Li herself exemplifies the tensions that exist between China's government sports set-up and its ambitions to shine on the world stage.
Li, who at a young age was ordered to abandon badminton for tennis against her will, famously split from the state system to organise her own sponsorship and be coached by her husband.
It took years of difficulty and media sniping before she finally made it big late in her career, becoming a superstar in her home country, complete with a bronze statue in her native Wuhan.
Tennis with Chinese characteristics
Jorge Salkeld, a Women's Tennis Association (WTA) board member and senior vice president at Octagon Tennis, the Wuhan Open's promoter for the tournament, said the "Li Na factor" has seen the popularity of tennis in China surge.
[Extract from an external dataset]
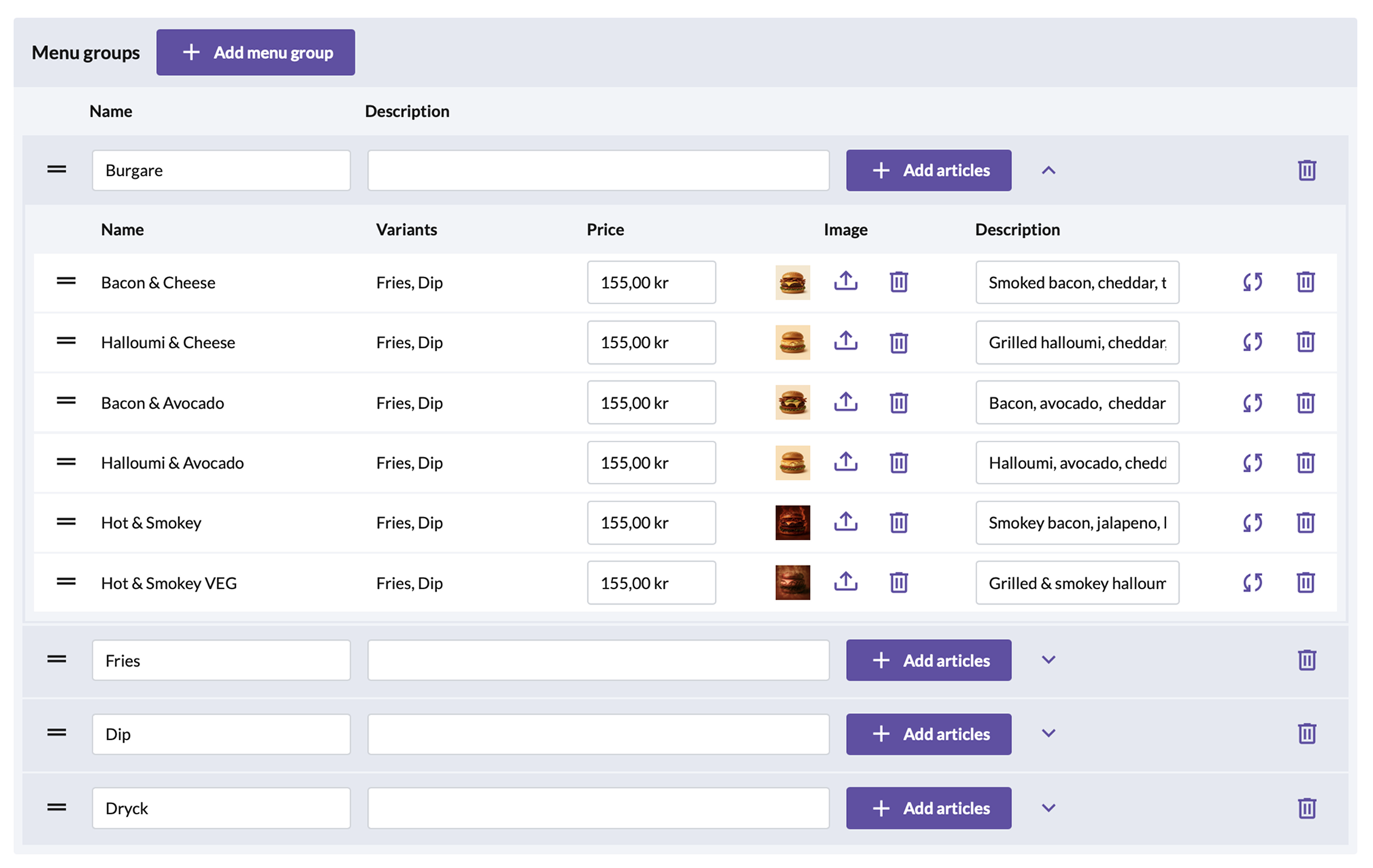Use menu groups to categorize your menu so it's easy for your customers to find what they want. In a lunch menu, you could for example have a menu group for drinks and another menu group for food.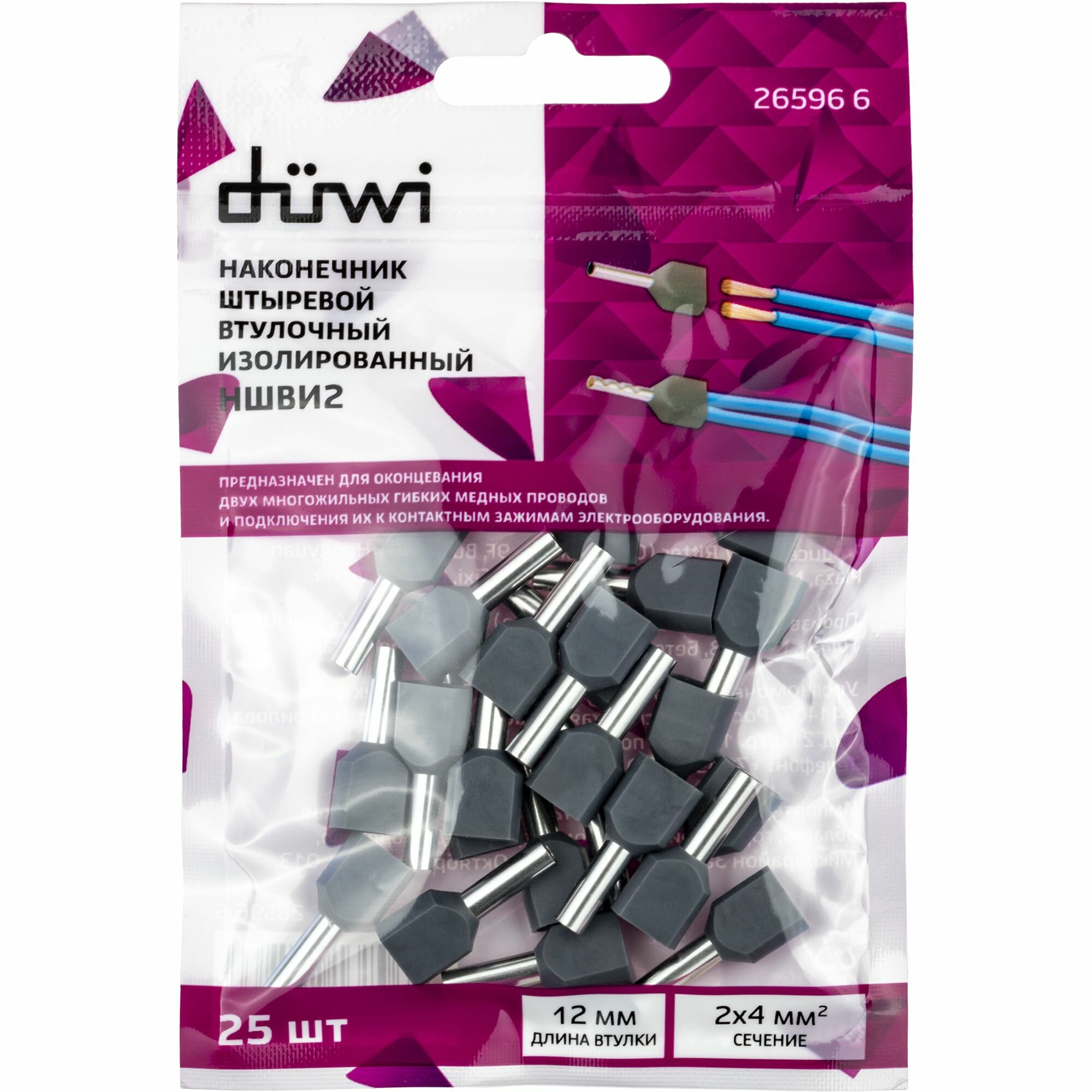 Наконечник-гильза Duwi НШВИ 2 4-12 мм цвет серебристый 25 шт. None

Provincial governments have quickly got on board, developing tennis academies and domestic championships -- although regional rivalries are a difficult distraction for Chinese players.
"(Sport is) all state-funded and if a province is a winner in whatever national games then they are even more centrally funded," he said.
"The tricky part is that (the) provinces' main objective is to win the national games," he explained, which diverts attention away from the professional tennis tours.
Former tennis star Li Na (L) gives a tennis master class at the Wuhan Open in China's Hubei province on September 29, 2015.
"When a player needs to be training on clay to prepare for the qualifications for Roland Garros, or grass to prepare for Wimbledon, they have another schedule going on at the same time. So that has created problems," said Salkeld.
However, it is clear that China has embraced the sport, and when that happens, things can move quickly -- and in unexpected directions.
Yi Guoqing, tournament director and general manager of the Wuhan Sports Development Institute, said it took just two years from the start of negotiations for the Wuhan Open to become reality.
He compared tennis in China to the market reforms under Deng Xiaoping, dubbed "socialism with Chinese characteristics" which allowed it to flourish into the world's number two economy.
"The government means making the policies, the hand of the market is the participation of the society," said Yi.
"Not only (in) tennis," he added. "The whole economy of China is taking the same road. It is changing and I believe it will be more open in the future."
And this may allow the country to create an entirely new model of tennis -- one with Chinese characteristics.